Пацюк едва не вынес — и ее, и двух мрачного вида волосатых мужчин. Очевидно, писателей. Синхронно поперхнувшись окурками, "писатели посмотрели на него с ненавистью.
Как на собрата по перу.
Волосатики стояли на небольшой площадке с внешней стороны двери. Сам пятачок, судя по всему, служил курилкой, и от него шла лестница прямо вниз, в глубину двора.
Раздумывать не приходилось.
Пацюк скатился по металлической, страшно гремевшей под ним лестнице и едва не рухнул в объятия двух огромных мусорных контейнеров. Здесь, под сенью пищевых и промышленных отходов, прикрывшись пустыми картонными коробками, Пацюк и затаился. Несколько минут ушло на то, чтобы оценить ситуацию.
Хотя особой оценки не требовалось: он находился на задворках издательства “Бельтан”.
Прямо перед собой Пацюк видел узкий проход. Слева и справа его подпирали стены; едва не сталкиваясь лбами, они уходили ввысь, что делало проход похожим на Большой каньон. Каньон углублялся в сторону улицы Добролюбова.
Пацюк убрал со лба обглоданный селедочный хвост, вывалившийся из какого-то пакета, и только теперь заметил Забелина. Тот — правда, с совершенно другой скоростью — повторил его собственный путь. Вот только подойти к зловонным мусорным бачкам не решился.
Постояв на перепутье между бачками и входом в каньон, старый хрыч выбрал последнее. Любой бы выбрал на его месте.
Через секунду Забелина поглотило ущелье, а Пацюк остался в обществе картонных ящиков и селедочного хвоста. Он дал хрычу десять минут на то, чтобы пройти весь путь по каньону и снова вернуться. Потом накинул еще пятнадцать. Потом добавил еще пять.

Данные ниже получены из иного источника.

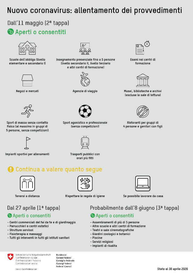 Anche se il Consiglio federale allenta ora i provvedimenti, a condizione tuttavia che siano osservati in modo scrupoloso i piani di protezione, il nuovo coronavirus è ancora tra di noi e dovremo abituarci all’idea che lo resterà ancora per molto tempo. Per ridurre ilrischio di una nuova impennata dei contagi dobbiamo continuare a rispettare scrupolosamente le regole d’igiene e di comportamento e a rinunciare ai contatti non strettamente necessari.
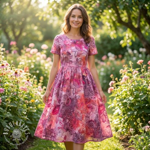 Tessuto di cotone TIE DYE EMBROIDERY Flora design B

Потом, когда надежда на возвращение коварного шефа окончательно иссякла, Пацюк приплюсовал к контрольному времени двадцать пять минут.
Теперь уже для себя.
Но выдержал он только семнадцать с половиной, больше отсчитывать секунды не хватило сил. А к запаху рыбьего хвоста прибавился запах сгнивших помидоров и разлагающихся картофельных очисток.
Все!
Пусть лучше Забелин схватит его за руку! Пусть натравит на него ОМОН! Лучше так, чем пасть жертвой гнилого помидора и умереть от удушья на его глазах!
Пацюк вылетел из мусорных бачков, как пробка из бутылки, и…
По инерции пробежал весь каньон. И материализовался на улице Добролюбова.
Черт возьми! Вот это открытие! Между фабрикой театрального костюма и галереей “Кибела” существовал узкий проход, который был практически не виден с улицы: его закрывал огромный, не в меру разросшийся тополь.
А Забелина нигде не было.
Очевидно, шеф отдал должное пацюковскому умению бегать от опасности, а не встречать ее лицом к лицу. Высоко же он ценит Егора Пацюка, нечего сказать!..
Переведя дух, Егор заглянул в правую витрину “Кибелы”.
Пантеон стеклянных божков был на месте. На месте была и сумасшедшая верховная жрица пантеона — Марина. Жрица сливалась в потребительском экстазе с кем-то из покупательниц — это было явственно видно сквозь стекло. На месте Марины Пацюк не торопился бы так по-матерински прикладываться к груди какого-то сомнительного сутулого плащика и сомнительного старомодного кашне. И не менее сомнительной тирольской шапочки, вывезенной, очевидно, в качестве трофея, из замка Каринхалле.
Впрочем, Пацюк тотчас же вспомнил себя вчерашнего (шелковый Лао-цзы у кадыка, вязаные мухоморы на груди, курточка “Мама, не горюй!” на плечах) и сразу же устыдился. Он тоже зашел в “Кибелу” сирым и убогим, а вышел отягощенный лампой “Грешница”.
Может быть, и этому тирольскому пугалу повезет.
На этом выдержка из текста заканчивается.